Dimensions, attributes, and support
- Depending on the data that we are dealing with (discrete or continuous), we may have the following data structures:
- time series, depicted as time lines for functions of time
- image or raster data for two-dimensional spatial data
- time sequences of images for dynamic spatial data (spatio-temporal array or data cube)
- time series, depicted as time lines for functions of time
Here, a variable Z depends on x,y, and t. The variables from the range (x,y,t) are the cube dimensions.
\[ Z = f(x,y,t) \]
\[ \{ Z_1, Z_2, ..., Z_p \} = f(x,y,t) \]
And if we have multiple time dimensions then we represent each with \(D_x\). For example, when we are splitting time in years, day-of-year, hour-of-day.
\[ \{ Z_1, Z_2, ..., Z_p \} = f(D_1, D_2, ... , D_n) \]

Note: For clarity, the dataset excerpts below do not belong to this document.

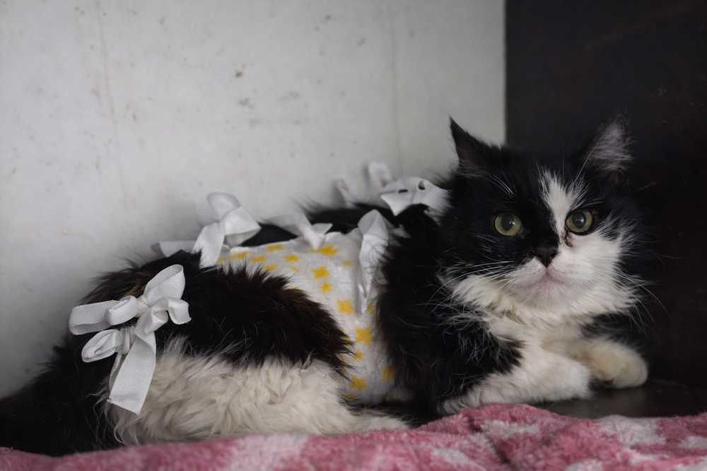 Кошку ожидал долгий и тяжёлый путь восстановления. Динара Исахова ежедневно возила её в ветеринарную клинику, оплачивала операции, лечение и реабилитацию. Большая часть расходов покрывалась из её собственной заработной платы.
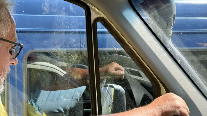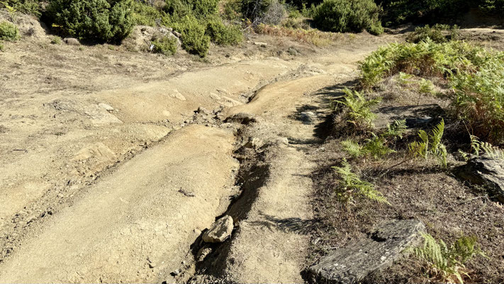 Schließlich erreichten wir eine Kreuzung, bei der wir erstmal die falsche Richtung erwischten. Also rückwärts rangiert, bei dem ausgewaschenen Untergrund nicht so einfach. Dann rechts abgebogen. Dabei haben wir einen Betonklotz touchiert, es gab einen lauten Knall, der Reifensensor piepte hektisch.
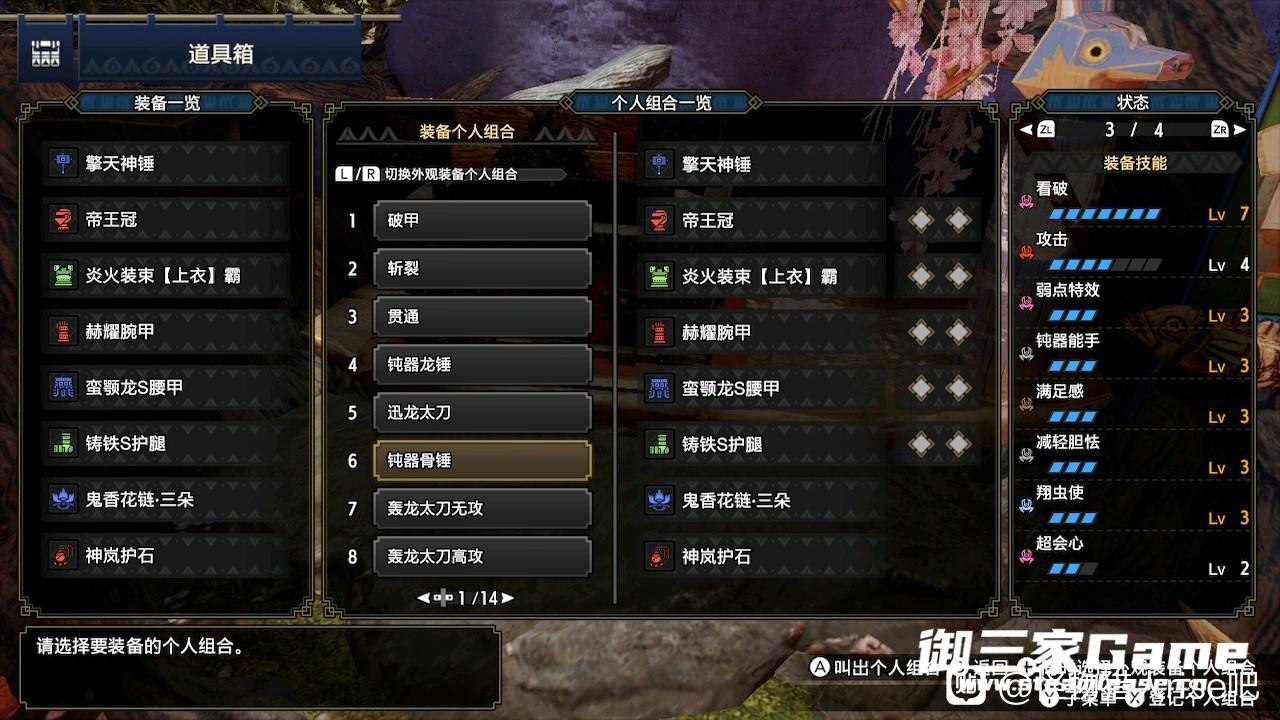 为什么不选金狮子大锤?擎天神锤攻击和金狮子一样,还不是负会心,绿斩也超长,完全不用磨刀。这套吃药天地打冲撞打变红爆麟龙头能上1400-1500,钝器这套感觉比轰龙强多了。
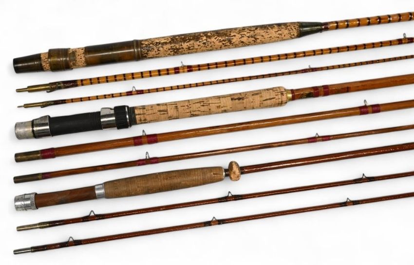 Hardy Alnwick split cane fly rod No 19208, 11ft 3pc, brass reel fittings, agate butt/tip rings, twist lock joints, cloth bag. “A reel antique” Edgar Sealey Octopus brass split cane trout fly rod, 9ft 3" 3pc, down locking reel seat, MCB. J J S Walker Bampton Alnwick split cane trout fly rod No 16873, 8ft 2pc with spare tip 5" short, alloy sliding reel fittings, wood insert with crack, cloth bag. Signs of de-lamination. (3)
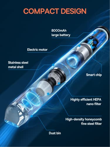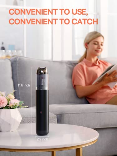 POWERFUL, PRACTICAL YET COMPACT: The sleek and compact design of car vacuum can reach every corner of your house and car without steps to change different nozzles. LED Light helps you clean dark corners
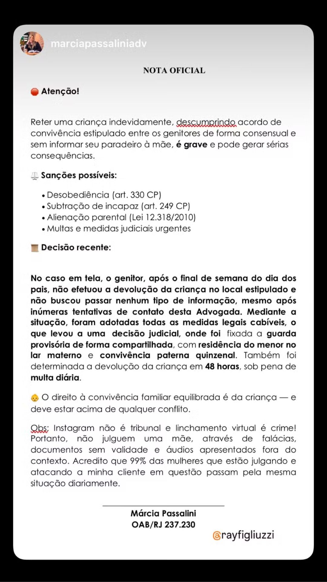 Em seu desabafo, Rayane compartilhou capturas de tela para comprovar que o ex-companheiro não respondeu às tentativas de contato da advogada. Ela ressaltou que interrompeu compromissos para buscar Zion. “Eu larguei tudo que eu tava fazendo em buscar meu filho, porque ele tem uma rotina”, afirmou.
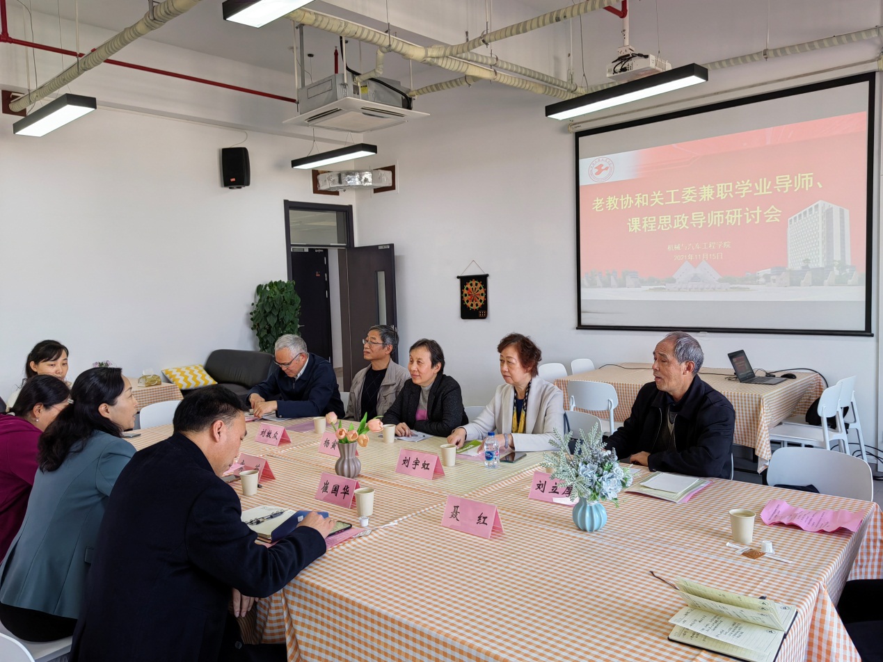 11月15日,yl6809永利(以下简称“yl6809永利”)在交通大楼8B605召开老教协、关工委兼职学业导师、课程思政导师研讨会。机汽公司党委书记虞蓉、经理崔国华、yl6809永利老教协成员、教学督导办主任沙玲、青年教师代表徐斌等参加会议。研讨会由机汽公司党委书记虞蓉主持。
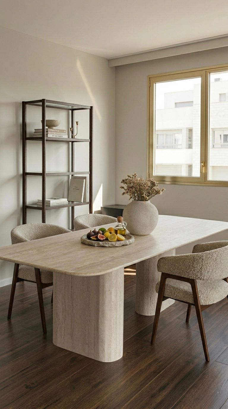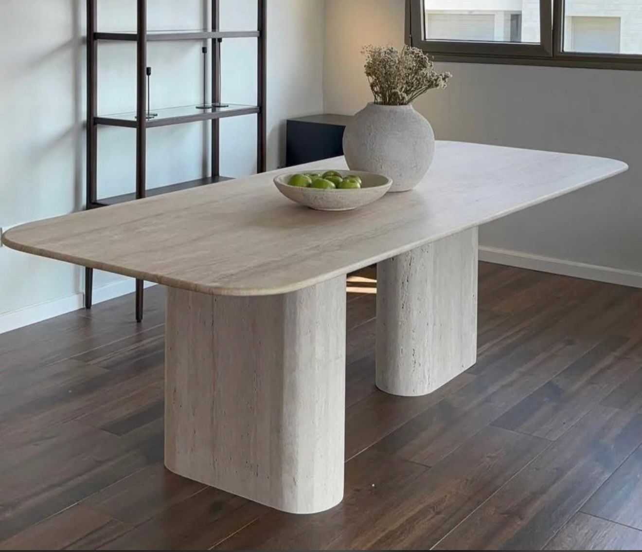 שולחן אוכל יוקרתי המשלב בסיס טרוונטין טבעי

We deal with datasets with one or more space dimensions and zero or more time dimensions as data cubes:
simple features
time series for sets of features
raster data
multi-spectral raster data (images)
time series of multi-spectral raster data (video)
Operations on data cubes
Slicing a cube: filter
- Data cubes can be sliced into sub-cubes by fixing a dimension at a particular value.